GCHART Procedure

About Chart Statistics

Definition: Chart Statistics

The chart statistic is the statistical value calculated for the chart variable and represented by each block, bar, or slice. The GCHART procedure calculates six chart statistics; the default statistic is frequency.
The examples given in the descriptions of these statistics assume a data set with two variables, CITY and SALES. The values of CITY are Denver, Seattle, and Tokyo. There are 21 observations: seven for Denver, nine for Seattle, and five for Tokyo.

Frequency

The frequency statistic is the total number of observations in the data set for each midpoint. For example, seven observations of the chart variable, CITY, contain the value Denver, so the frequency for the Denver midpoint is 7.

Cumulative Frequency

The cumulative frequency statistic adds the frequency for the current midpoint to the frequency of all of the preceding midpoints. For example, the frequency for the Denver midpoint is 7, and the frequency for the next midpoint, Seattle, is 9, so the cumulative frequency for Seattle is 16.
You cannot request cumulative frequency with the DONUT, PIE, PIE3D, or STAR statements.

Percentage

The percentage statistic is calculated by dividing the frequency for each midpoint by the total frequency count for all midpoints in the chart or group and multiplying it by 100. For example, the frequency count for the Denver midpoint is 7 and the total frequency count for the chart is 21, so the percentage statistic for Denver is 33.3%.

Cumulative Percentage

The cumulative percentage statistic adds the percentage for the current midpoint to the percentage for all of the preceding midpoints in the chart or group. For example, the percentage for the Denver midpoint is 33.3, and the percentage for the next midpoint, Seattle, is 42.9, so the cumulative percentage for Seattle is 76.2.
You cannot request cumulative percentage with the DONUT, PIE, PIE3D, or STAR statements.

Sum

The sum statistic is the total of the values for the SUMVAR= variable for each midpoint.

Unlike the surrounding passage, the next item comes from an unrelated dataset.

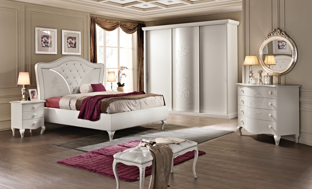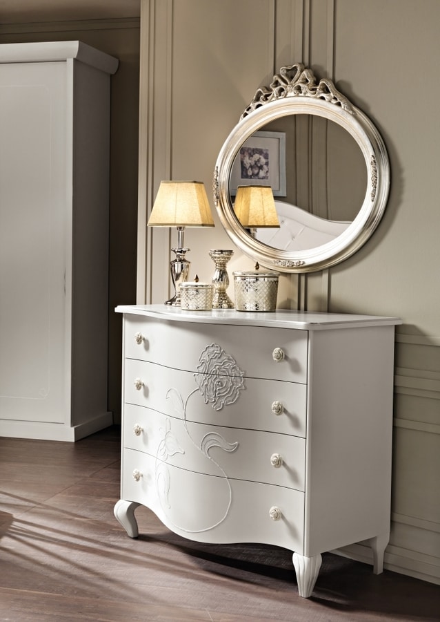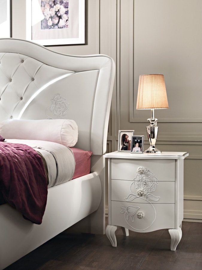 Brigitte Kommode und 2 Nachttische in mattweißem Lack, von Hand bemalt und verziert. Details in Blattsilber auf den Oberteilen und swaroskyfarbener Lichtpunkt auf den Dekorationen. Schubladen mit Blumotion-Führungen, sanftes Schließen.

For example, if you specify SUMVAR=SALES, and the values of the SALES variable for the seven Denver observations are 8734, 982, 1504, 3207, 4502, 624, and 918, then the sum statistic for the Denver midpoint is 20,471.
You must use the SUMVAR= option to specify the variable for which you want the sum statistic.

Mean

The mean statistic is the average of the values for the SUMVAR= variable for each midpoint. For example, if TYPE=MEAN and SUMVAR=SALES, the mean statistic for the Denver midpoint is 2924.42.
You must use the SUMVAR= option to specify the variable for which you want the mean statistic.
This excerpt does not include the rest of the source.